Australia Lack The Subtlety To Win


 

 

Cricket 2014

 

Australia’s “One Size Fits All” Failure

 

March 23rd 2014

 

 

With other sides in the tournament playing 3, 4 or even 5 spinners in their XI, Australia have just a single 43-year old spinner and a collection of very useful medium-pacers. Without the high pace of Mitch Johnson there is a lack of variety in the attack and it looks quite unsuited to this tournament. There is also a suggestion that Plan A is to bash the ball as hard as possible, starting with Warner and Finch but, when the situation calls for subtlety and for working the ball around, they are short of batsmen who can do it. Why Australia were made favourites for the tournament is a bit of a mystery, but there is rather a lot of hype around this Australian side that sees itself as a bit special, but seems to have been picked with the Ashes in mind and not Bangladesh’s slow strips.

This suspicion that the squad is not the one to win in Bangladesh has been confirmed today against Pakistan who had looked so awful against India. Australia have a very poor T20 record in Asia, something that people have tended to ignore. In fact, of the ten teams in the competition proper, only Bangladesh have a worse record in T20 games played in Asia. Against New Zealand in the warm-ups Australia had struggled to defend 200 and, at one point, looked set to lose that game with something to spare before wickets started to fall. Today, despite a good start with the ball, the lack of anyone to exercise control in the middle overs allowed Pakistan to reach 191. Australia had only once chased over 165 successfully in a T20 and needed a good start: 8-2 at the end of the first over was not what they had in mind.
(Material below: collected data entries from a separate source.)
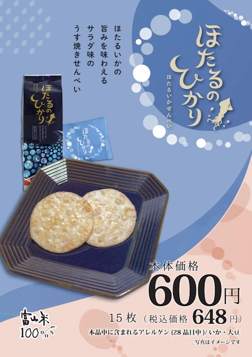 ほたるいかの風味と富山産のお米を100%使用した、富山の味が堪能できる贅沢なおせんべい。
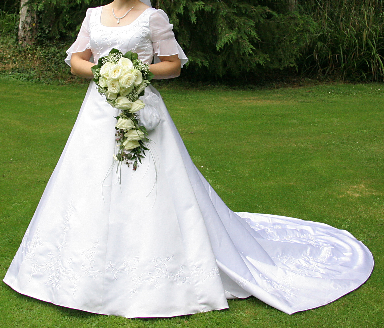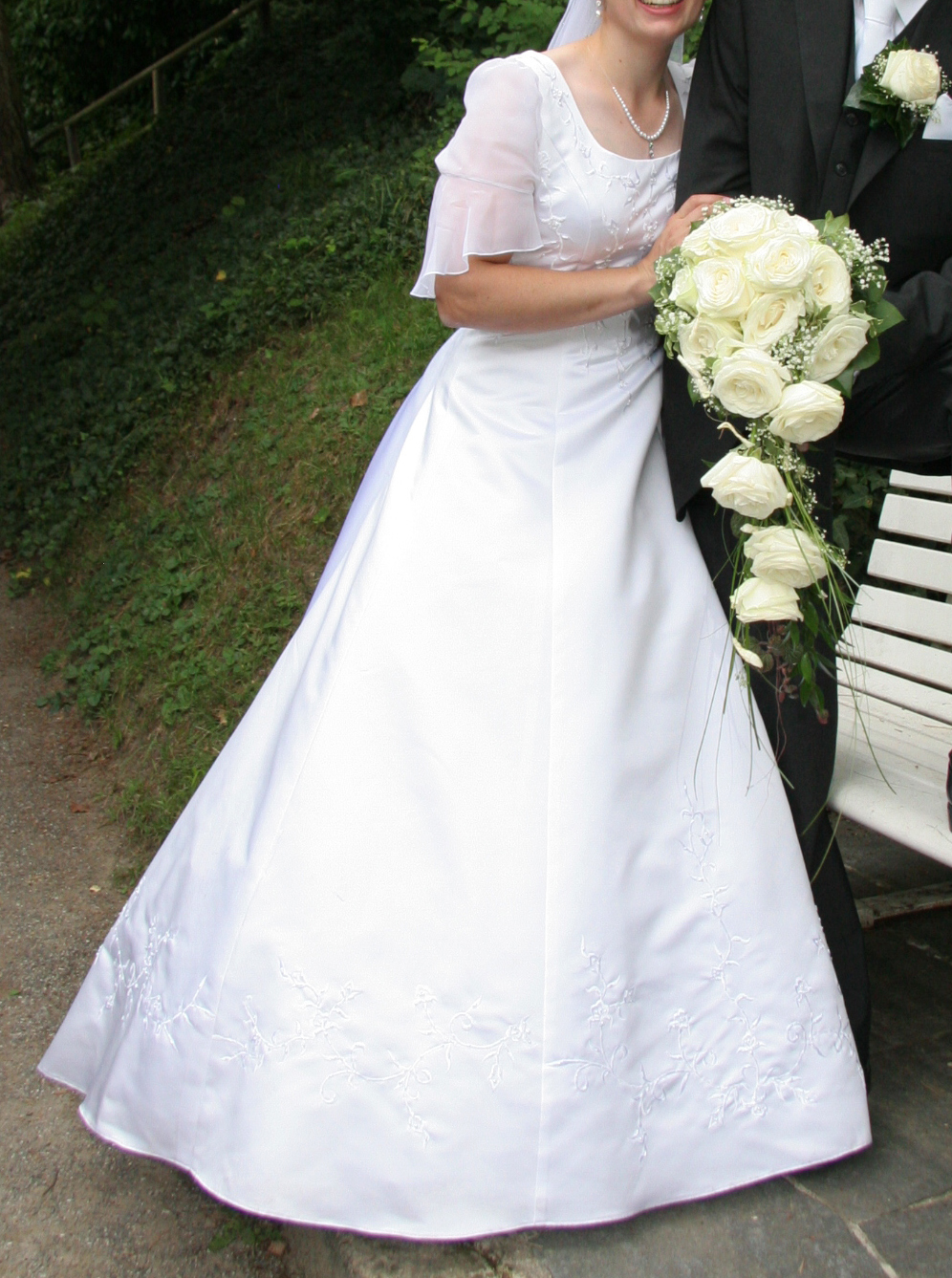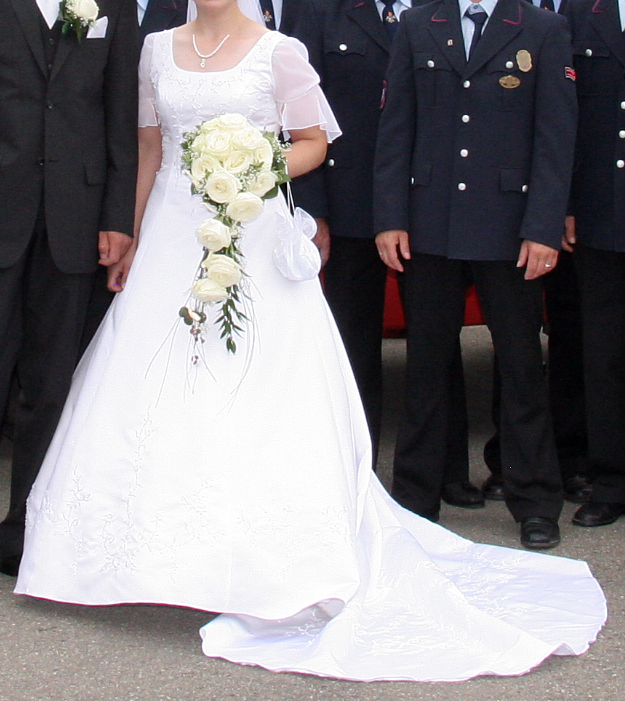 wunderschönes Brautkleid weiß Gr. 38/40, zart bestickt, A-Linie m. hochnehmbarer Schleppe.
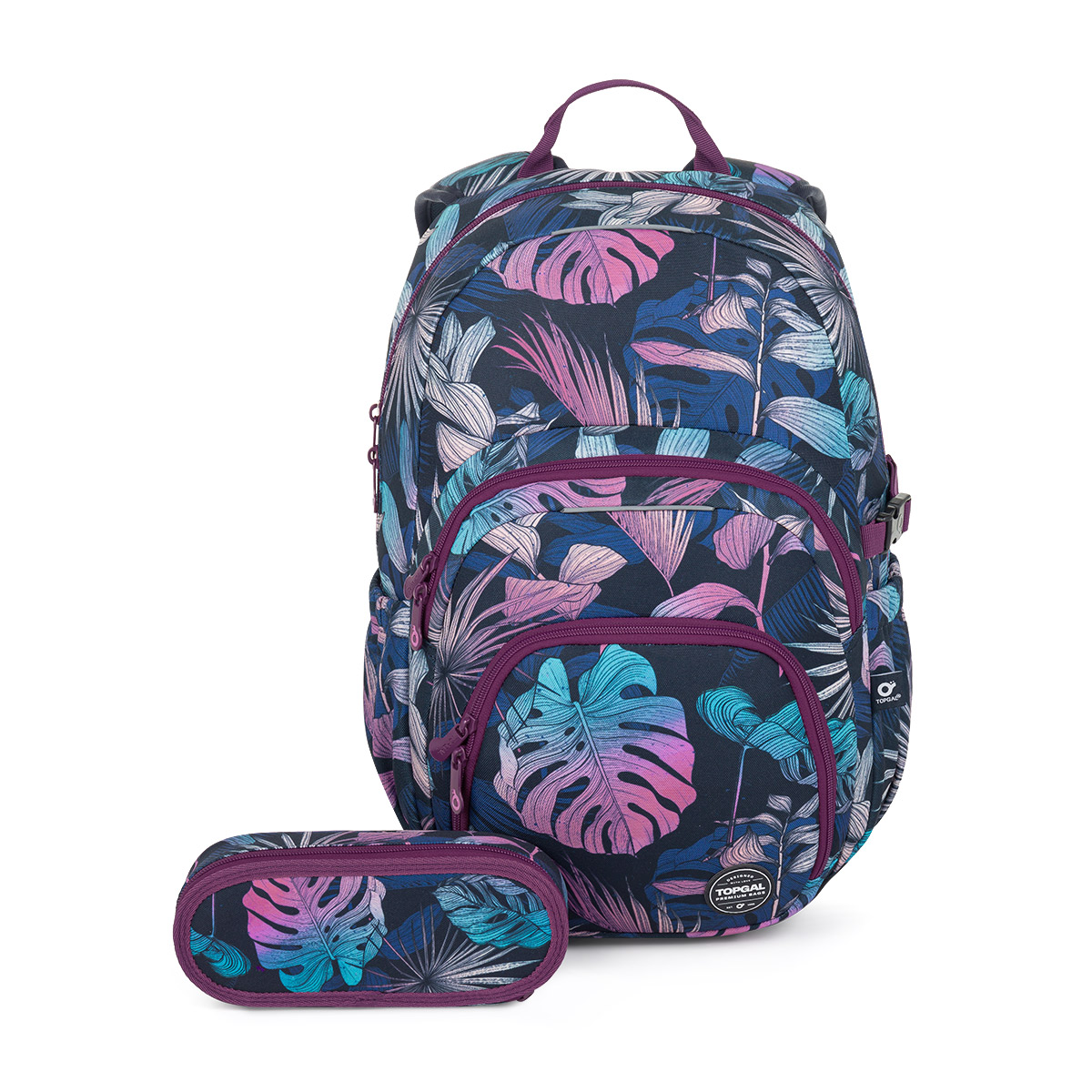 Set tašky s peračníkom pre študenta. Súčasťou setu sú tieto produkty: SKYE 25031 – Študentský batoh Monstera, ETUE 25031 – Študentský peračník

A brutal counterattack from Glenn Maxwell, including 30 off one over, left Australia needing just 70 off 54 balls and Pakistan in apparent disarray. All they had to do was push the singles and hit the odd bad ball for four. Subtlety though is not part of the Australian plan and wickets started to fall as batsmen committed suicide, when working the ball around was all that was needed. Even a rash of dropped catches could not save Australia.

England fans tend to be hyper-critical of their own side and, in particular, their batting at the death, but Australia lost 7 wickets for 29 in the last 5 overs to lose by 16, in a barely credible defeat. When a bit of calm would have won the game with plenty to spare, they were dreadful. If it had been England the criticism would have been brutal… and thoroughly merited.

On the evidence of this game the Australian attack is in no way suited to the conditions, relying on the Ashes formula of pace, without an enforcer to make it effective (or someone like Ravi Bopara to add subtlety – England fans tend to ridicule him, but just look how effective he has been in the last year or so, rarely failing to make a mark with either bat or ball) and the batting lacks the nous to milk accurate bowling without taking outrageous risks.

The second game was an extraordinary affair. The West Indies were, at one point, without even having lost many wickets, looking to be struggling to get past 100 in their 20 overs and this on the same pitch that had produced so many runs earlier. A late surge took them to 130 at which point India, in turn, made run-scoring look hard, suggesting that it was genuinely becoming difficult to time the ball. Despite winning by 7 wickets, India had just two balls to spare when they finally knocked off the winning run. India’s win was reckoned to be a lot easier than it had looked and, in truth, that was right. However, they did do what Australia had not and, when the target was close enough, rather than risk a collapse with a series of almighty slogs, pushed the ones and twos. With two wins in the bag and a game against Bangladesh to come, India will not be worried about run rate and, even if their pragmatic approach added some emotion at the end, as runs slowed to a crawl, they avoided following Australia’s path to self-inflicted oblivion.

Tomorrow, New Zealand and South Africa square up. A South African defeat will leave them on the verge of elimination. Then, Sri Lanka will come up against the Dutch, who did not even know which group they would be in and which opponents they would face, such was their confidence that they would make the main draw. You would expect Sri Lanka to be less accommodating to them than Zimbabwe or Ireland, but the neutrals will hope that the Dutch can give them a run for their money.